The 81st Annual Meeting of the American Association of Physical Anthropologists (2012)

Manual pressure distribution during stone tool use


1Center for the Advanced Study of Hominid Paleobiology, Department of Anthropology, The George Washington University, 2Human Origins Program, National Museum of Natural History, Smithsonian Institution

Friday 9:45-10:00, Grand Ballroom II Add to calendar

Modern humans possess a highly derived thumb that is robust and long relative to the other digits, with enhanced pollical musculature compared to extant apes. Researchers hypothesize that this condition was selected in Homo in part to withstand high forces acting on the thumb during stone tool production. However, our previous research demonstrated that during stone tool-making the thumb in fact experienced significantly lower pressures and normal forces compared with other regions of the hand. In this paper, we test an alternative hypothesis that stone tool use may have distinct pressure distribution patterns that place greater stress on the thumb.

We used a dynamic pressure sensor system to measure pressures and normal forces acting across the hand during a variety of stone tool behaviors hypothesized to have been practiced by early hominins.
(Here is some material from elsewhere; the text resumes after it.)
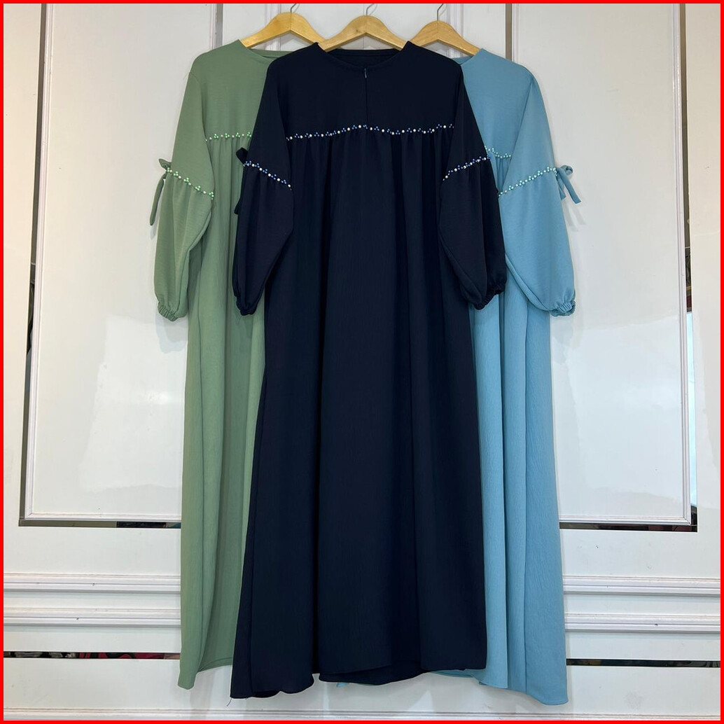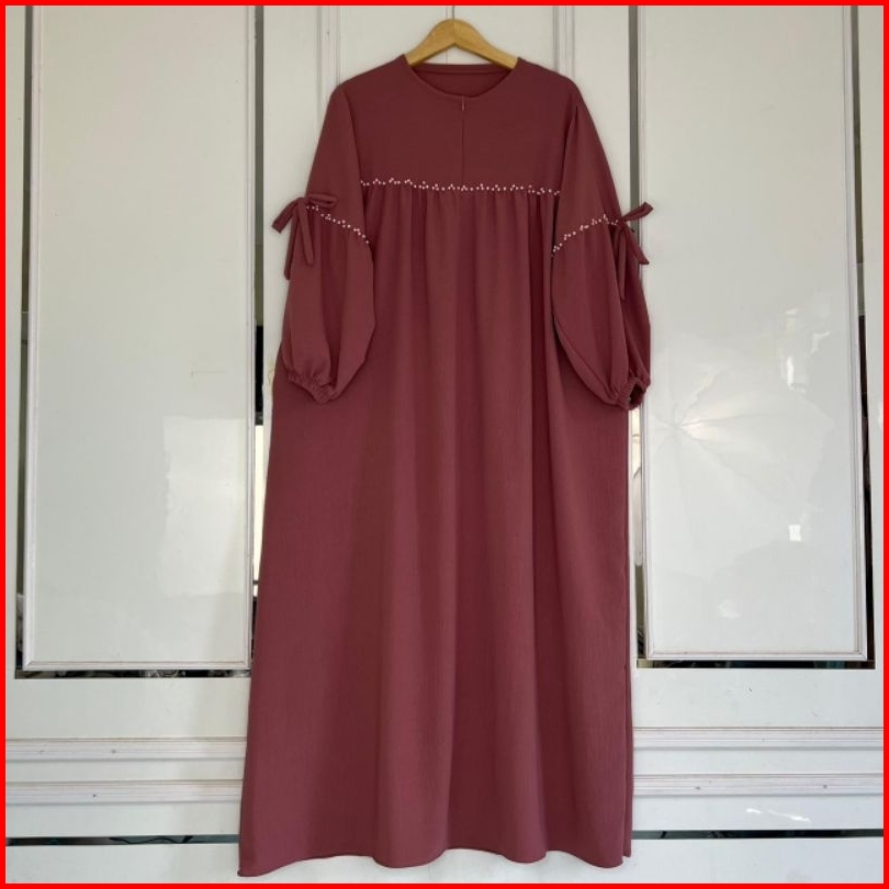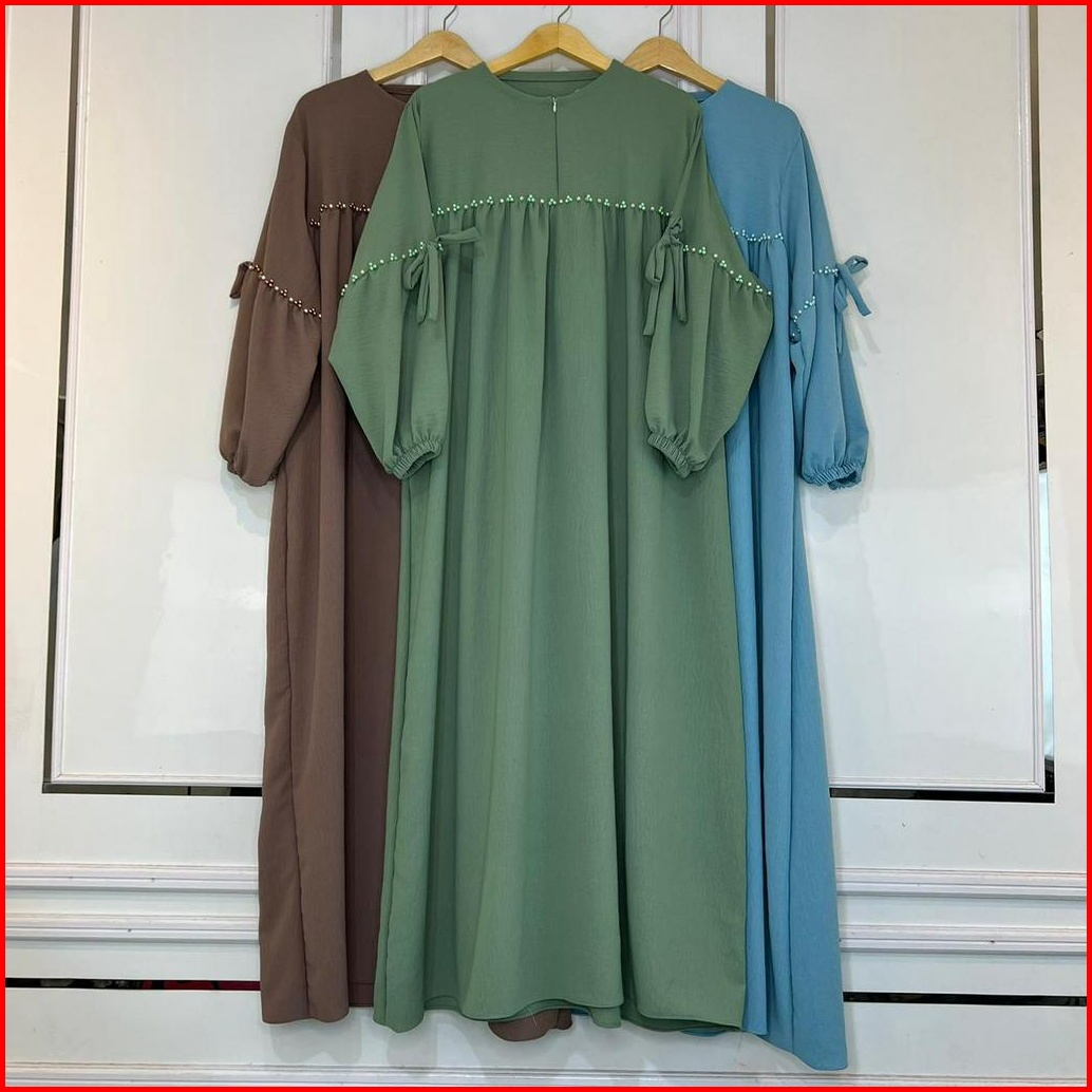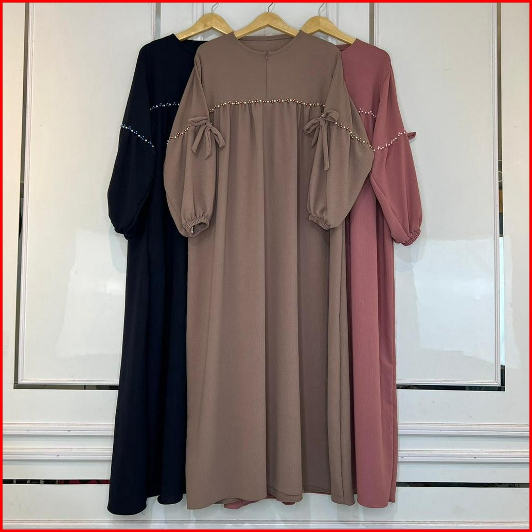 Zinovia Dress Gamis Jumbo Payet Mutiara Crinkle Airflow Premium Polos

Tested behaviors included slicing animal muscle using a flake and a handaxe, acquiring marrow using a hammerstone and a chopper, and nut-cracking. Subjects included experienced and novice knappers.

Contrary to stone tool production, stone tool use placed similarly high or significantly greater pressures and/or normal forces on the thumb compared with digits II-III. During nut-cracking, pressures and normal forces tended to be lowest, but differences between the thumb and digits II-III also tended to be strongest.

These results suggest that stone tool use, rather than production, may have been a stronger selective pressure on pollical robusticity. They also raise questions about why pollical robusticity appears so late after the earliest records of stone tool use.

This material is based upon work supported by the Wenner-Gren Foundation’s Dissertation Fieldwork Grant (7995), The George Washington University’s Research Enhancement Fund and Selective Excellence Fund, and the National Science Foundation's Minority Postdoctoral Research Fellowship (SMA-1103470) and the Integrative Graduate Education and Research Traineeship (IGERT # DGE 0801634).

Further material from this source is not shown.